------ PROVIDED RECORDS ------

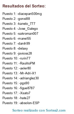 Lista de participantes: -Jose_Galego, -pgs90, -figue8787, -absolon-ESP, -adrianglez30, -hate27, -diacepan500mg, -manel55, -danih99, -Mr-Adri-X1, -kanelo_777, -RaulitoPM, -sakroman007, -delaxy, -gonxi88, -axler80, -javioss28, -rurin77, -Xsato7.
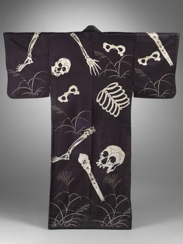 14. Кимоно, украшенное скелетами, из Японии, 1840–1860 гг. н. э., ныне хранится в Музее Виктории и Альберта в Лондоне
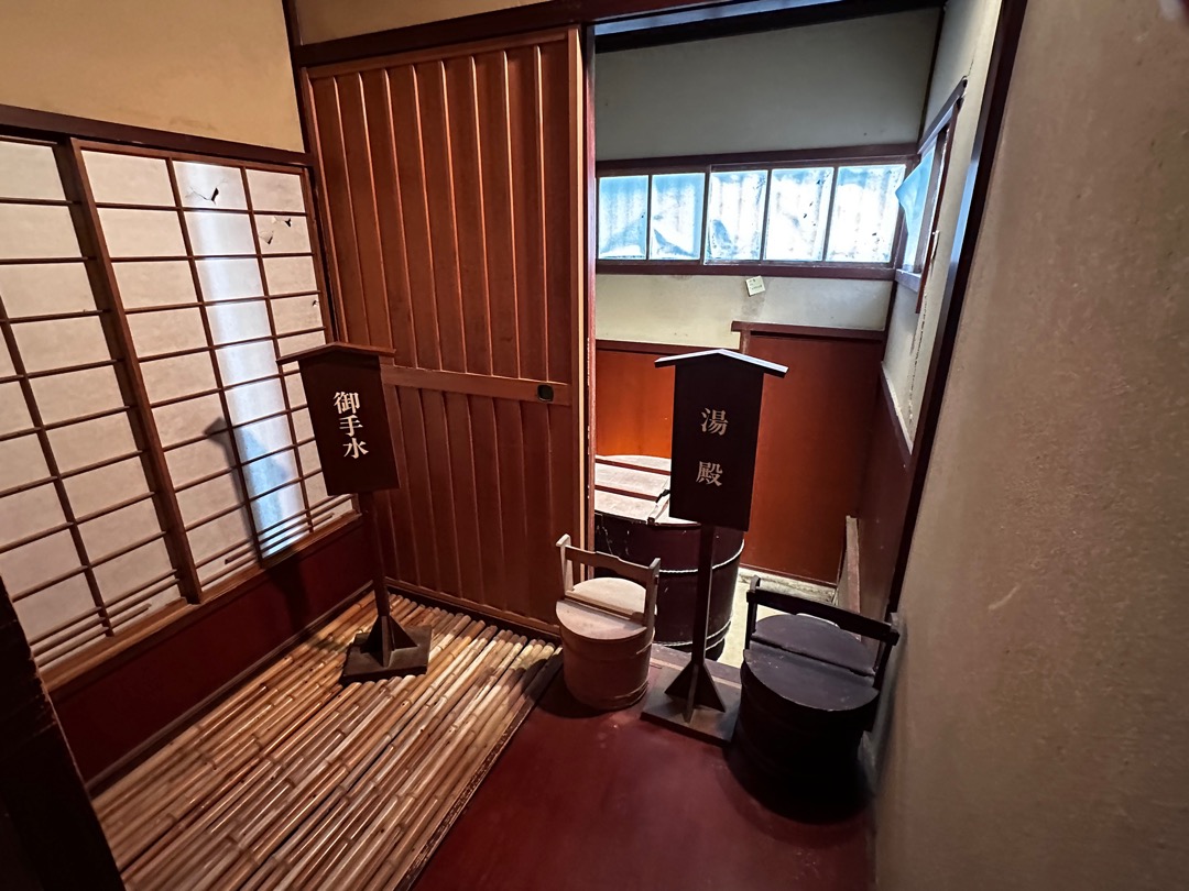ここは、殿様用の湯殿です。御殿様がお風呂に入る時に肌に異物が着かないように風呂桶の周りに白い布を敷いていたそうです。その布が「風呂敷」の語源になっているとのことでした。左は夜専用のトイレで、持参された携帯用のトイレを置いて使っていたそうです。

------
------ PROVIDED RECORDS ------

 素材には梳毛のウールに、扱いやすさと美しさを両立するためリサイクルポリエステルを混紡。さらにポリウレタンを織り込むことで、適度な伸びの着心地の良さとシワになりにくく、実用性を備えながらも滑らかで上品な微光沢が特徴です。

------

WHAT YOU NEED TO DO » Would you please reproduce the entries above, starting at the line with "-javioss28, -rurin77, -Xsato7." and stopping after the line with "14. Кимоно, украшенное"? Omit any pictures.

OUTPUT OF THE EXERCISE »
 Lista de participantes: -Jose_Galego, -pgs90, -figue8787, -absolon-ESP, -adrianglez30, -hate27, -diacepan500mg, -manel55, -danih99, -Mr-Adri-X1, -kanelo_777, -RaulitoPM, -sakroman007, -delaxy, -gonxi88, -axler80, -javioss28, -rurin77, -Xsato7.
 14. Кимоно, украшенное скелетами, из Японии, 1840–1860 гг. н. э., ныне хранится в Музее Виктории и Альберта в Лондоне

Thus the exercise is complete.